[OSM-legal-talk] Please enable commercial use
Gervase Markham
gerv at gerv.net
Wed May 7 09:10:10 BST 2008
Sebastian Spaeth wrote:
> Gervase Markham wrote:
>> The notion of derivative works is a fairly well defined one under
>> copyright law. Many, many companies deal with this concept every day.
>
> -Right, so having an overlay with proprietary data on an OSM map is
> derived?
If you made the overlay with reference to the underlying map, yes. If
not, no.
> As a separate layer? If it's merged in one image instead, is it
> then derived?
Yes, the combined work is derived.
> -If I print a book with pretty OSM maps which are used to describe
> bicycle routes. Is the map figure derived, the route description or the
> book?
If the map figure was made using OSM data, it's derived. If the route
description was made with reference to the map (rather than by, say,
cycling the route), then it's derived. The book is not derived.

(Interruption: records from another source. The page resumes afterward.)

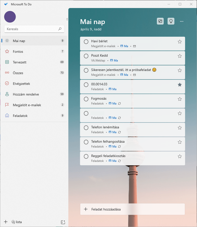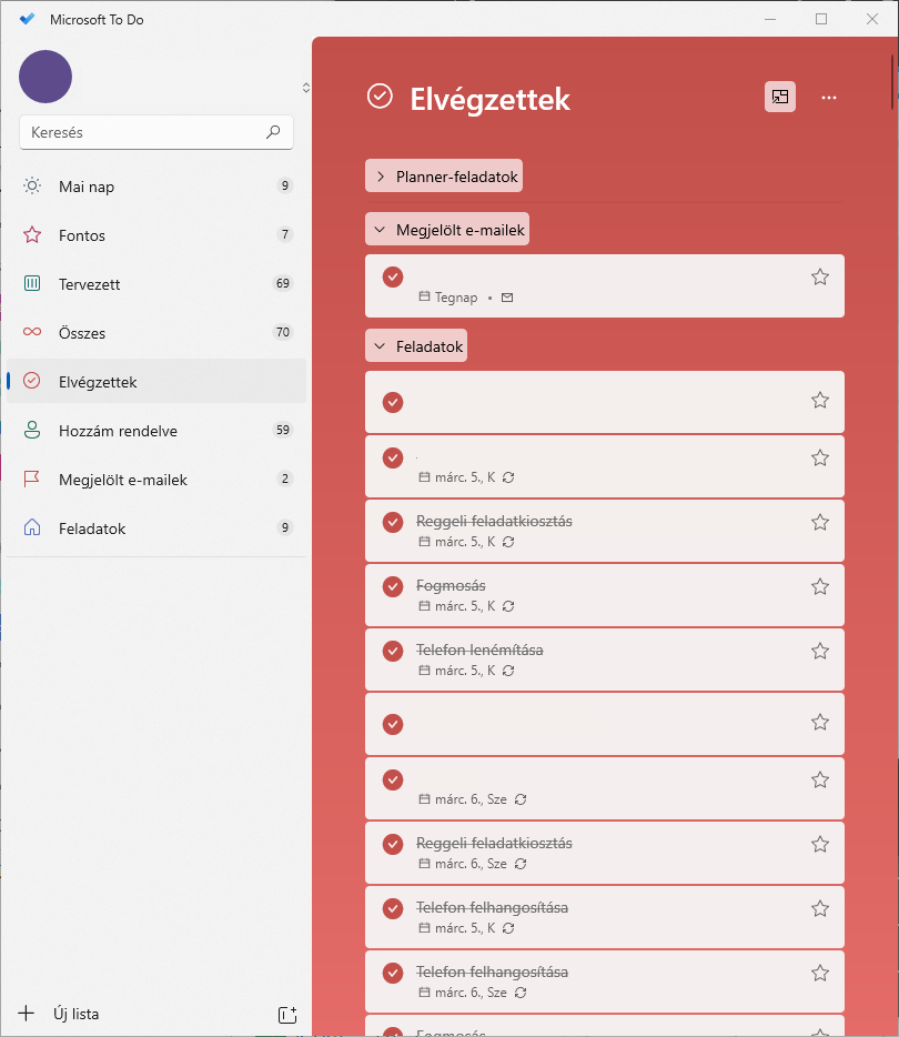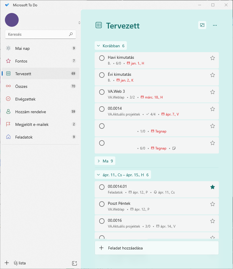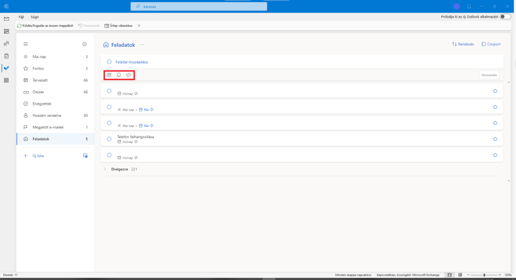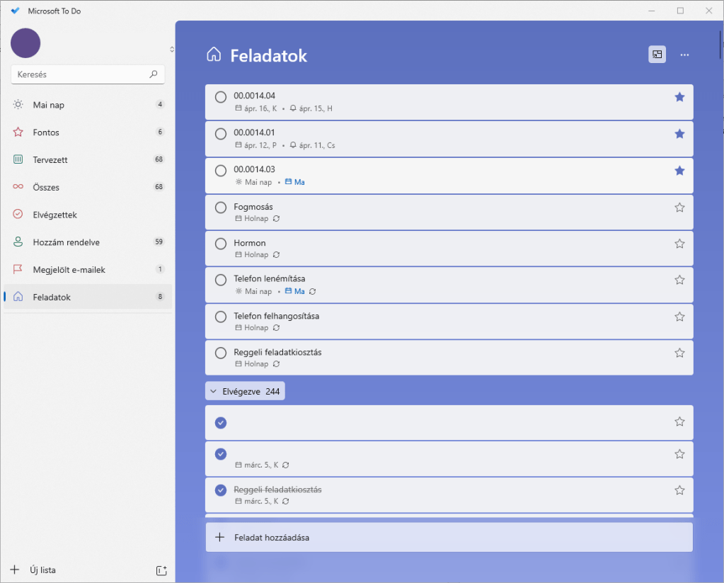 Az első kategória utolsó nézete a „Feladatok”, egyben ez az egyetlen, ami ténylegesen tárolja is a feladatainkat. Az előzőekkel ellentétben nem csak valamilyen elv mentén megjeleníti vagy egy másik programból érkező feladat másolatát tartalmazza, hanem ide kerülnek azok a feladatok, melyeket a ToDo-ban írunk be. Rendezését tekintve is eltér a többitől, mert itt felül az elvégzendő feladatok, alatta pedig az elvégzett feladatok találhatók. Természetesen ez a nézet is átrendezhető.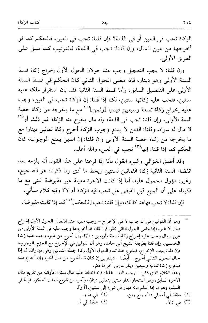 وقد أطلق الغزالي وغيره القول بأنا إذا فرعنا على هذا القول أنه يلزمه بعد انقضاء السنة الثانية زكاة الثمانين لسنتين ويحط ما أدى وما ذكرناه هو الصحيح، وغيره مؤول محمول عليه، أما إذا كانت الأجرة معينة غير مقبوضة انبنى مع ما ذكرناه على أن المبيع قبل القبض هل تجب فيه الزكاة أم لا؟ وفيه كلام سيأتي.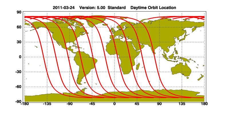 The orbit track locations for the entire Level 1 .hdf file are in black and the orbit track locations corresponding to this page are color coded.

The principle isn't complicated. If you use the SA data to make your
data, it's derived. If not, it isn't.
> -If I print an OSM map in my book, do I derive work from OSM and
> attribute them? Or do I derive from the works of 10,000 contributors and
> have to print a 200 page appendix to my 10page leaflet, naming all
> contributors?
It depends what the licence says. The point has been made the CC-BY-SA
is unclear in this respect; this is one of the reasons a licence change
has been proposed.
> -If I am a company in Togo, does copyright law from the US or Togo
> apply? As a foreign company, would I dare to get myself into possible
> trouble as some OSM contributor in Utah sues me there?
Copyright law from Togo applies in Togo. This is true whatever your
licensing terms are. (For example, some countries do not have such a
thing as a public domain, which requires special steps for those countries.)